The stock market is so unsustainably hot right now, even the short sellers have given up
CBC
The skeptics on Wall Street have gone missing.
As the stock market has surged to records — unbowed by recession, pandemic or warnings of a dangerous bubble — activity has dwindled to a nearly two-decade low for the traders known as short sellers, who make their money betting stocks will fall.
This saddens nearly no one. From small-fry investors to members of Congress, critics paint short sellers as merchants of pain. People around the world celebrated early this year when GameStop's stock suddenly hurtled higher, causing billions of dollars in losses for short sellers. Many called it a long-due comeuppance.
But academics and short sellers themselves say they provide an important service suited for just this moment: pushing back against stock prices that may be rising too high, too fast. Despite concerns about the pace of the economic recovery and high inflation, the S&P 500 has set 65 all-time highs so far this year, with the latest coming on Monday.
Some critics say stocks look overly expensive, with some broad measures of value close to historical highs. Fewer short sellers in the market means there's less selling pressure tugging downward on those prices. It can also mean fewer investors looking for overvalued stocks or ferreting out fraud.
"This is the thing that short sellers do, they lean against the wind," said Charles Jones, a finance professor at Columbia University's business school, who has researched short selling. "If you have short sellers who are not afraid to do that, you will not get prices that are too high or too low, which is what I think we want when we are allocating capital."

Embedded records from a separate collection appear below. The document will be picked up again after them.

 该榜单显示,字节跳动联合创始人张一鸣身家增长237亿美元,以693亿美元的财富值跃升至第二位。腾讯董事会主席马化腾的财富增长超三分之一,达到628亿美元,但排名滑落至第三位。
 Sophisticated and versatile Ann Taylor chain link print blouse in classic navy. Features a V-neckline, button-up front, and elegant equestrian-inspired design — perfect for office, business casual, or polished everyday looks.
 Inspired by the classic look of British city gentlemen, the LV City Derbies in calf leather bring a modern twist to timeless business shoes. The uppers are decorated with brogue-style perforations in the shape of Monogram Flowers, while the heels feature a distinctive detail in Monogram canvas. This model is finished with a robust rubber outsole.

Jones' research of Wall Street in the late 1920s and early 1930s, for example, looked at a group of stocks that were particularly expensive to short, which discouraged short sellers from targeting them. They went on to have returns that were 1 per cent to 2 per cent lower per month than other stocks of similar size, suggesting that they had been overvalued.
When investors short a stock, they borrow the shares from someone else and sell them. Later, if the stock falls as the short seller expects, they can buy the shares, return them to the lender and pocket the difference in price.

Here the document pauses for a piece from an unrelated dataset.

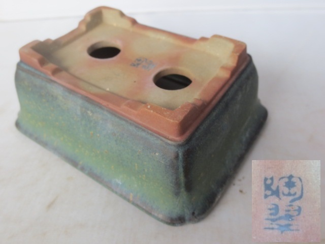 - 【艸】 R7/03/13-4 陶翠 緑釉 盆栽鉢 小花盆 植木鉢 幅10.8センチ 13ma4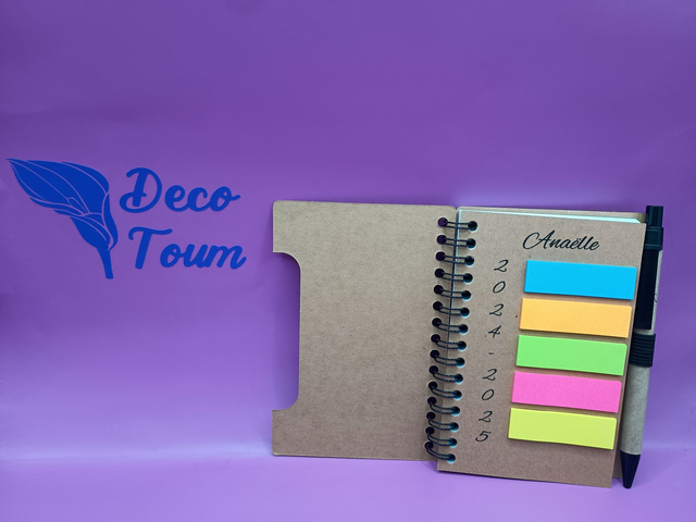 Carnet kraft de 50 pages avec post-it (5 couleurs) couverture personnalisable fourni avec stylo personnalisable également.

So it's no surprise that short sellers regularly get blamed for driving stock prices artificially low. During the 2008 financial crisis, a few days after the collapse of Lehman Brothers, U.S. regulators temporarily banned the shorting of financial stocks, fearing short sellers would undermine already weak trust in them and trigger a run on the system.
Nearly four years later, though, a study by a New York Fed economist and professors at Notre Dame suggested the ban did little to slow the decline in bank stocks, which fell anyway. The restrictions also gummed up trading for bank stocks, raising trading costs in the stock and options markets by more than an estimated $1 billion.

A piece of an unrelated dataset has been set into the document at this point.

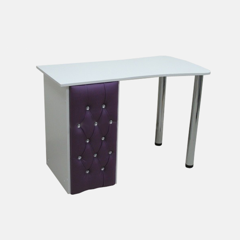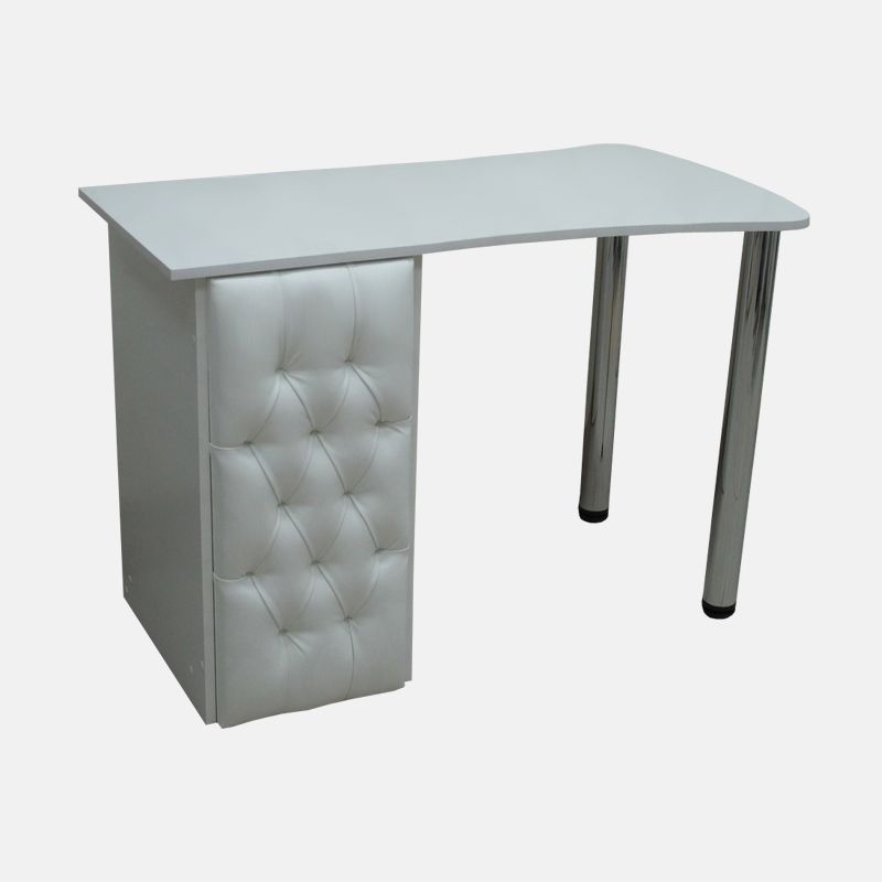 Стол выполнен из износостойкого ЛДСП, декорирован с лицевой стороны кожей в виде каретной стяжки, есть две ноги в виде хромированных труб. Столешница из ЛДСП, цвета материалов производства можно выбрать по каталогу и использовать в любых сочетаниях. Рассчитан данный маникюрный стол на одно рабочее место. Имеется вместительная тумба для маникюрных принадлежностей, выкатная полочка. Любые улучшения базовой модели, например, в виде встроенных электрических розеток или вытяжки, а также прочего возможно за дополнительную плату. Производитель оставляет за собой право изменять внешний вид изделий по собственному усмотрению.

Shorting activity has been trending down since July 2008, a few months before that temporary ban. Then, it was nearly twice the force it is now, accounting for 2.61 per cent of all the shares in S&P 500 companies. Just 1.35 per cent of all the shares in S&P 500 companies were sold short in August, according to data compiled by FactSet.
The stock market's mostly relentless rise since 2009 has prompted investors to pull dollars out of short-selling funds, helping to thin the ranks of the contrarians. Why go short when everything is rising?
"You have to look at what is causing the market to reach all-time highs," said Carson Block, founder of Muddy Waters Research and one of the industry's best-known short-sellers. "It is most definitely not that humanity is at our all-time greatest state."
Instead, he said a big reason is the ultralow interest rates set by the Federal Reserve to resuscitate the economy. Those low rates have sent waves of cash into the stock market, and critics say they're pushing up prices indiscriminately and allowing weak companies to hold on.